Excellent ideas, keep us posted on how all that goes.


----------



## kbscobravert

I work/live the Afghanistan area of operations. We use tons of shipping containers/connex's for everything out here from storage units and housing to offices and latrine units to bunkers. They are ultra modifiable and you are only limited to your imagination and ingenuity. Hell I am sitting in a 20' right now that is my office. The doors have been taken off and a wall with a regular 30" door put in. The interior walls have been studded with 1"x1" and use a 1/4" compressed dense board for wall covering. 

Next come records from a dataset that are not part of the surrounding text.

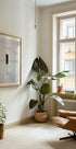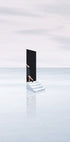 A surreal conceptual artwork depicting a person stepping through a dark doorway suspended above calm reflective waters. The minimalist setting, with a staircase leading into the void, evokes themes of escape, departure, and new beginnings. The scene blends dreamlike surrealism with mid-century inspired aesthetics.
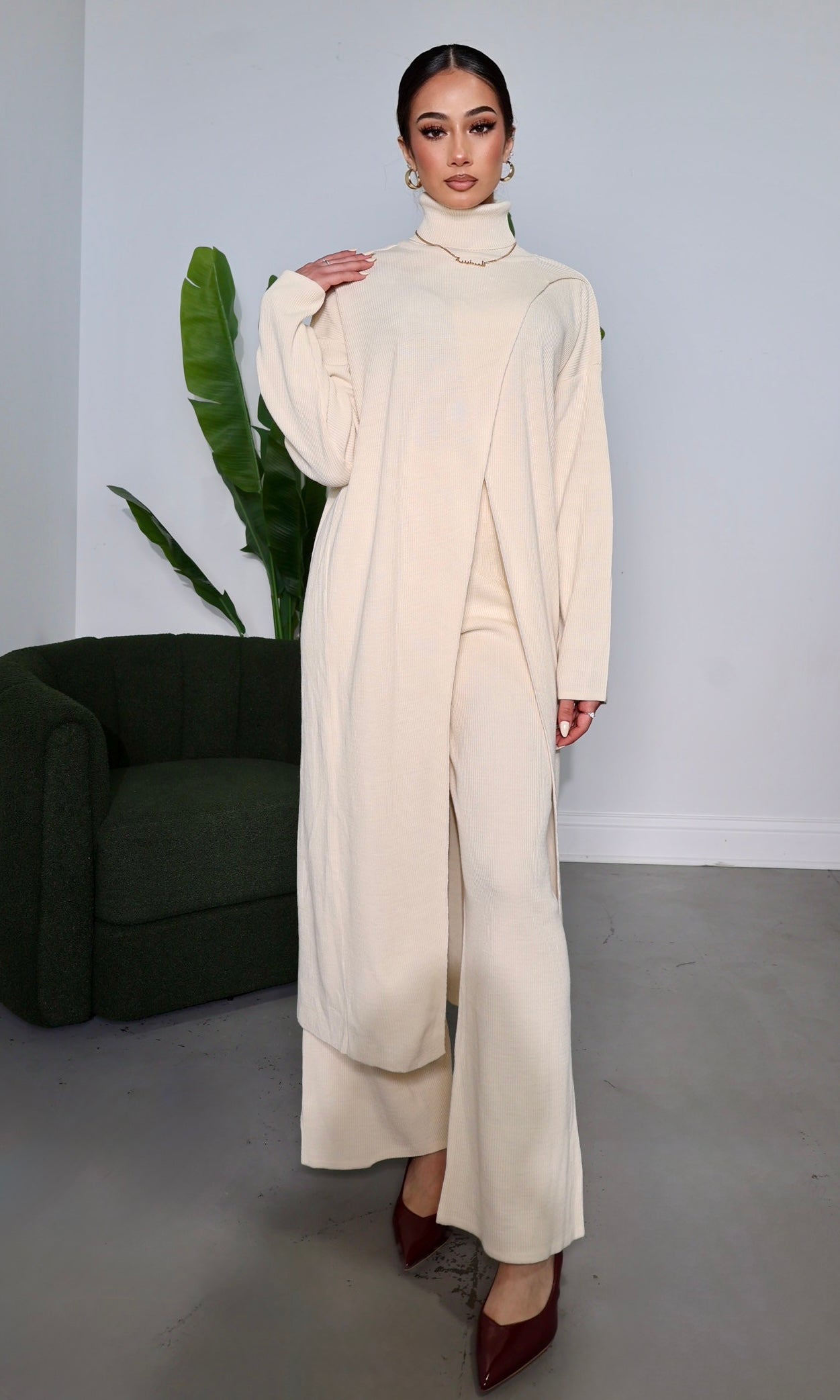 Stay cozy and chic with this elegant 2-piece set, featuring a rich burgundy color perfect for fall and winter. The set includes a soft ribbed turtleneck Maxi top, wide-leg pants for effortless layering. Designed for both comfort and style, this standard-size outfit is ideal for casual outings, coffee dates, or lounging in style.
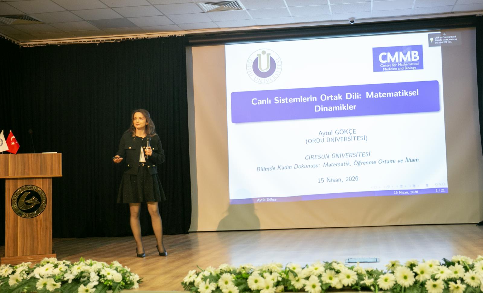 Matematiğin farklı yönlerine ve kadınların bilim dünyasındaki katkılarına ışık tutma perspektifiyle düzenlenen panelde; Ordu Namık Altaş Koleji’nden Burcu Öztürk, “Matematik Öğrenimi İçin Yapılandırılmış Sınıf Ortamları” başlıklı sunumunda etkili öğrenme ortamlarının önemine değindi. Giresun Üniversitesi’nden Prof. Dr. Haşim Çayır ise “Bilim Tarihinde Kadınların Etkisi” konulu konuşmasıyla bilimsel gelişmelerde kadınların rolünü ele aldı. Ordu Üniversitesi’nden Doç. Dr. Aytül Gökçe ise “Canlı Sistemlerin Ortak Dili: Matematiksel Dinamikler” başlıklı sunumuyla matematiğin disiplinler arası gücünü katılımcılarla paylaştı.
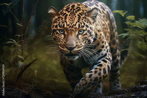 Amur leopard in the forest. Wildlife scene. Hyper realistic illustration
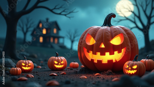 haunted, pumpkin, scene, skittish, house, realistic, rendering, style, background, design, element

I consider them to be the best thing since sliced bread and I use them throughout theatre for bunkers around our living and work areas. My experience has been that if you plan on putting any sort of weight on top of them besides another connex you need to reinforce the inside to support the weight. My bunkers have a 2' minimum thickness of dirt on top and without the support beams and columns would cave in a 20' connex in a few months.

I have planned on buying a few (2-4) 20' connex's when I get home and burying them into the ground, welding them together, creating doorways from one to the other and compartmentalizing them for storage, living, and common area space to sustain short term living. I have even considered creating an indoor latrine tied to a septic system. Going over plans in my head I would ultimately like to coat the container in a bed liner type material to seal it from moisture. I have plans on excavating into a hill to set them and then recover with earthen material completely except for the entrance and would love to have the entrance disguised as a small hunting shack.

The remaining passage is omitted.